Dataset description
We started working with multiple datasets from kaggle but we finally decided
to work with a dataset from steamspy, which offered us the information we wanted for our study.
This dataset contains information about more than 25000 videogames and data about their sales, playtime, tags, developers...
Using this data, we managed to compare and get information about thousands of applications in just a few seconds.
Tools we use
To construct our data and analyze it we are using pyspark both in local and a hadoop cluster.
Through these applications, we manage to produce new organised data which is the processed using other python scripts with
the matplotlib library to generate diagrams to visualize the results.
Repository
All our proyect can be easily found in our GitHub repository.
Software Description
We have divided our project in two separate sections.
On the one hand, we have our script that get you specific information about the data, such as average prices or
average playtime for different aspects of the games. On the other hand, we have developed a script to recommend specific videogames
according to a player's preferences. Click on READ MORE to se more detailed information.
User Guide
There are two ways to run our code. That is in local mode and in cluster mode,
which is possible using an AWS (Amazon Web Services) instance. In this section we explain how to use
both options.
Local Mode
In order to run our applications in local mode using Linux Ubuntu or an
Ubuntu virtual machine in Windows, we need:
- Python installed
- Spark installed
- Steam.csv downloaded (you can find it in the dataset section of this page)

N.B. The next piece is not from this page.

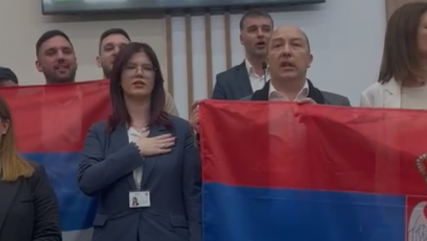 Odbornici dela opozicije su od početka sednice sa zvučnika neprekidno puštali himnu "Bože pravde', stajali i držali razvijene zastave Srbije.

Once we have all the requirements, we can easily run the code with the following command line:
$spark-submit file_name.py "argument"
Where "argument" is only included for the execution of codes that need an argument, such as
GameRecommendation.py, which needs a game as an argument in order to operate correctly.
Cluster Mode
In order to run our applications in cluster mode using an AWS instance:
- Python installed in our instance
- Spark installed in our instance
- Steam.csv downloaded in our instance(you can find it in the dataset section of this page)
Once we have all the requirements, we can run the code with the following command line:
$spark-submit --num-executors N --executor-cores M file_name.py "argument"
Where:
- N is the number of worker nodes
- M is the number of cores per worker node
- "argument" is only included for the execution of codes that need an argument, such as
GameRecommendation.py, which needs a game as an argument in order to operate correctly.
Performance
We tested the performance of our scripts both locally
and in an AWS cluster (m4.xlarge to be precise), trying many numer of cores.
We tested the scrip GameRecommendation.py, since we consider its the most complex one
regarding data processing out of our scripts. Howewer, to our surprise, we did not obtain
the results we expected. We barely saw any difference in any of the tests, obtaining execution
times around 14s for every execution. After thinking about it, we came to the conclusion that the execution times
barely change since the size of the data we are processing is not big enough to make a noticeable
difference when processing in a cluster.